Civil War was basically the Avengers 3 and consisted of a bunch of superheroes arguing over laws and Baron Zemo.

Civil War was a story 5 or 6 years, at a bare minimum, and at least 8 movies in the making (ever since, at a bare minimum, Captain America 1). It's the twelfth movie in a franchise spanning almost a decade. It's an earned plot and comes across when the MCU is comfortable enough that Ant-Man and Avengers 2, two movies that are complete opposites in terms of stakes, came out in the same year. And realistically speaking, virtually nothing outside of extreme examples (Crisis, Secret Wars 2015, arguably Infinity War) there is nothing audiences care about more than "heroes fighting each other". Civil War and Annihilation were both running at the same time in the MU, and on any empirical level one points to the latter as the "bigger" story with the higher and more dangerous stakes, but everyone bought- and subsequently cared about - the former way more. It's a more investing story, because "Annihilation wave is trying to wipe out all sentient life in the universe" is on some level too big to grasp. Iron Man and Captain America in that "Iron Man blasting Cap's shield" pose is powerful due to its sheer iconography.

The DCEU has established itself as a franchise that's been trying to top itself every time. They just haven't done the groundwork unlike Marvel to build to its more powerful sequences or establish a baseline to its universe besides sheer, unending, cosmic chaos, investing in spectacle over any sort of ground-level stability. Maybe Suicide Squad and Wonder Woman'll be able to reverse this issue (and I hope in SS's case it's successful, because Suicide Squad is a cool-as-hell concept), but as it stands we're dealing with a franchise that just doesn't know when to stop. If CW had that airport scene transition into Annihilus popping up and crowing about the Negative Zone destroying Earth and eventually the known universe it would've...well, it could've possibly been cool anyways because Annihilus is an awesome villain and the Negative Zone is a sick concept, but it would've been an unnecessary addition to a movie that already understood the cinematic power of its inherent premise. DC just doesn't.

ImpAtom
May 24, 2007

Toxxupation posted:

Civil War was a story 5 or 6 years, at a bare minimum, and at least 8 movies in the making

It really wasn't. There is no particular reason they couldn't have made it prior to this. Movies don't need twelve different movies of buildup. It doesn't hurt to have them but Civil War isn't the first film about two groups fighting and many of those films don't need buildup.

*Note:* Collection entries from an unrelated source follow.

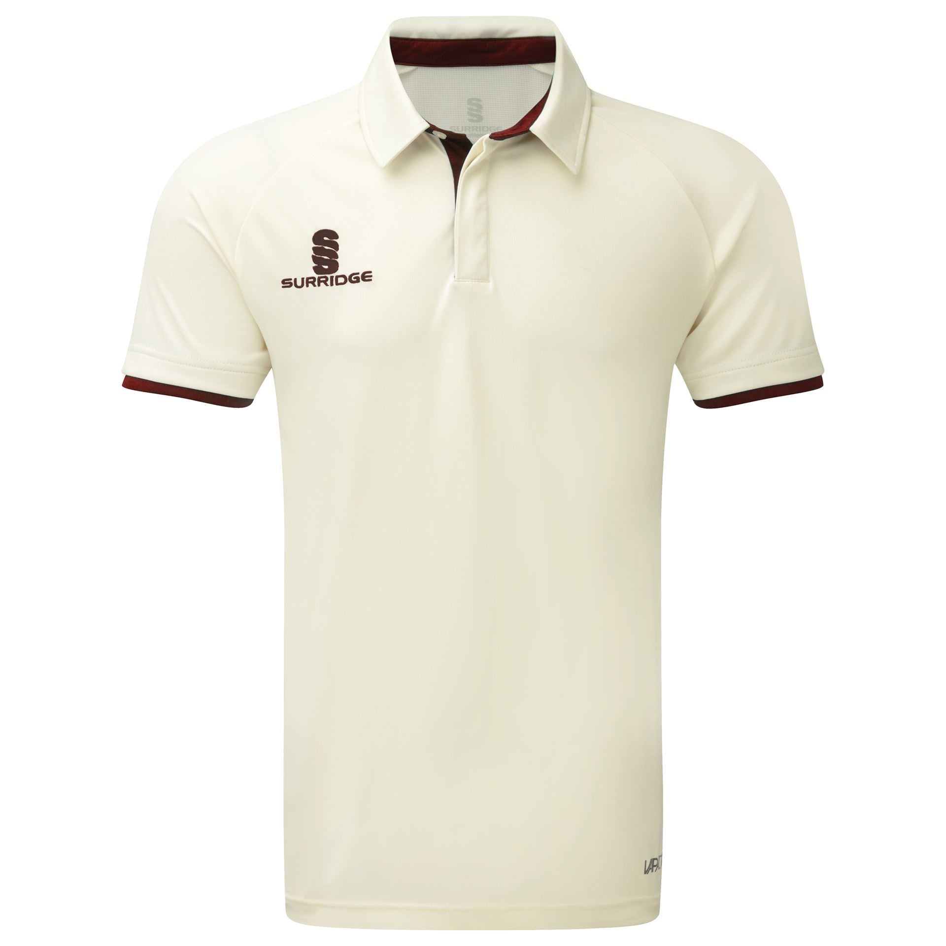 The Surridge Ergo Short Sleeve Cricket shirt for Juniors and Adults is a performance Pro shirt with Polyester/Lycra mesh on back and underarm for ease of movement during play, the shirt having being developed for the professional game. Fabric is lightweight, wicking and breathable.Three Surridge buttons on contrast placket. Embroidered Surridge logo on chest.
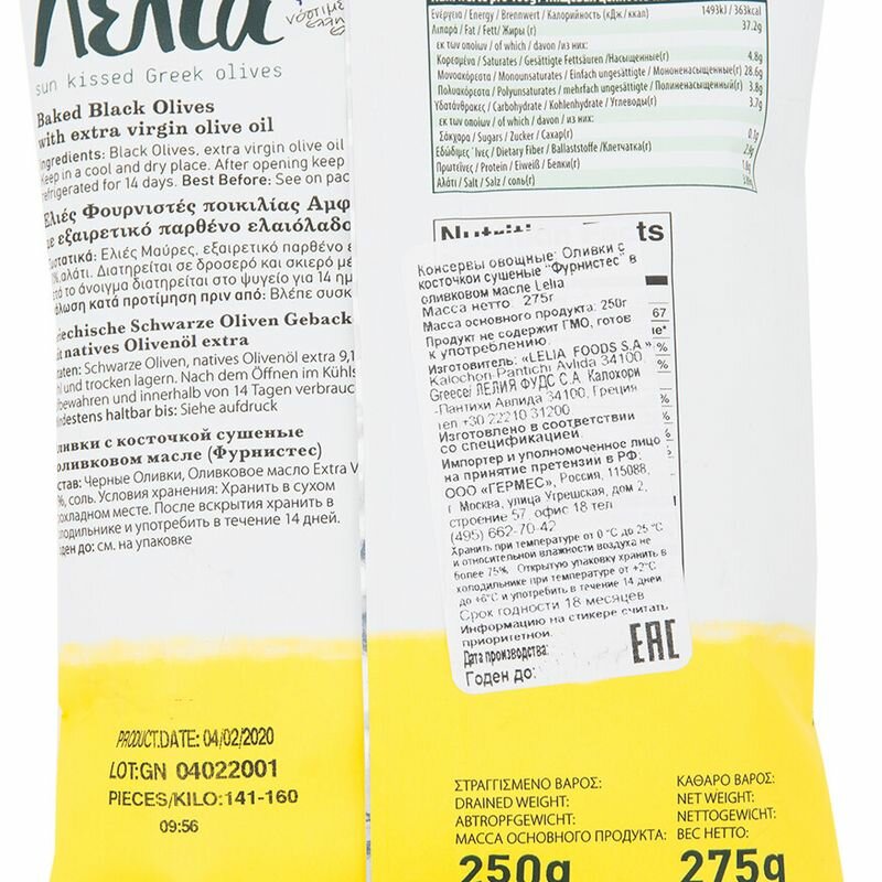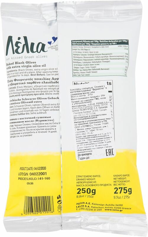 | Состав | Натуральные маслины, оливковое масло Extra Virgin, орегано, соль. |
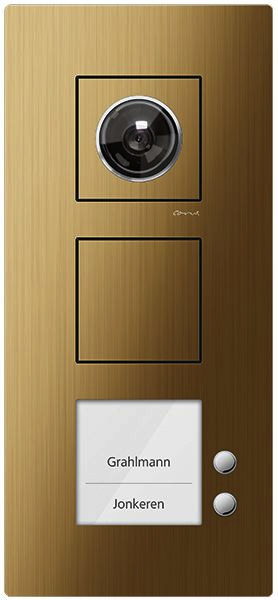 | Kurzbeschreibung | Video Außenstation Serie Carus IRIS mit 2 Klingeltasten (rechtsbündig), AP bronze |
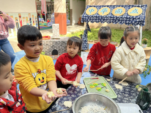 “我想給小丸子做個蝴蝶結”“我想做個大熊貓”“我幫你把東西送到那邊的灶臺蒸熟”“那我們就去那兒吃點心,品品茶吧?”……孩子們自由開心地表達著自己的想法。
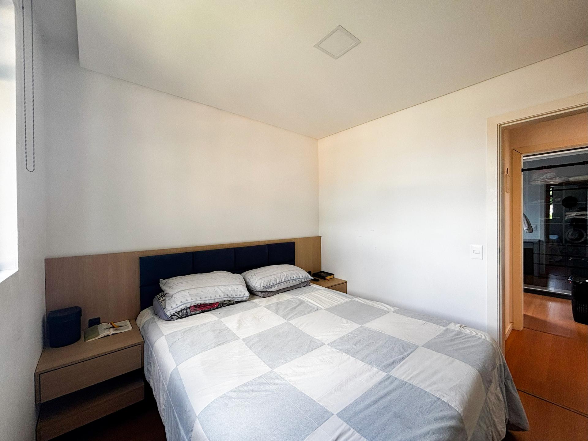 Quarto Principal com cabeceira planejada para cama e painel para televisão.
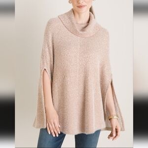 Add a cozy layer of warmth to your look with this soft, fuzzy cape. Perfect for the holidays, it's made with metallic elements for a bit of shine to brighten days and evenings alike.
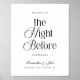 Välkommen gäster i tidlös stil med The Night Before Modern Elegant Black and White Rehearsal Dinner välkomstskylt. Designad med en raffinerad monokrom palett och sofistikerad typografi, sätter denna välkomstskylt tonen för en förhöjd och minnesvärd förfest inför bröllopet.

Civil War uses the context of the previous films well, don't get me wrong, but the core idea isn't something that needed those films. It took advantage of it but it wasn't necessary.

The idea that films need twelve movies of buildup to have powerful imagery or connect with audiences is something opposed by literally the entire history of film.

ImpAtom fucked around with this message at 03:33 on May 13, 2016

CelticPredator
Oct 11, 2013
🍀👽🆚🪖🏋

But it's loving rad that Marvel is doing this though.

NieR Occomata
Jan 18, 2009

Glory to Mankind.

ImpAtom posted:

It really wasn't. There is no particular reason they couldn't have made it prior to this. Movies don't need twelve different movies of buildup.

No, it doesn't, but if you don't establish a baseline - a status quo for a movie like CW to invert - to your shared universe then it's inherently less effective. It doesn't need the buildup, but because it has the buildup it doesn't come across as a gimmick made to sell movie tickets (even though on some level it was) but as just one of many stories within a really broad palette of possible ones. In contrast BvS' title conflict comes across as a really heavily orchestrated and awkward scene that the movie contorts itself extremely badly to engineer and resolves itself just as unsatisfyingly (because it was, but that's neither here nor there). It's why I said CW felt like an earned plot, and why the DCEU's mandate so far has been just more and bigger, and it comes across in unfocused messes that are just displays of spectacle.

ImpAtom
May 24, 2007

Toxxupation posted:

No, it doesn't, but if you don't establish a baseline - a status quo for a movie like CW to invert - to your shared universe then it's inherently less effective.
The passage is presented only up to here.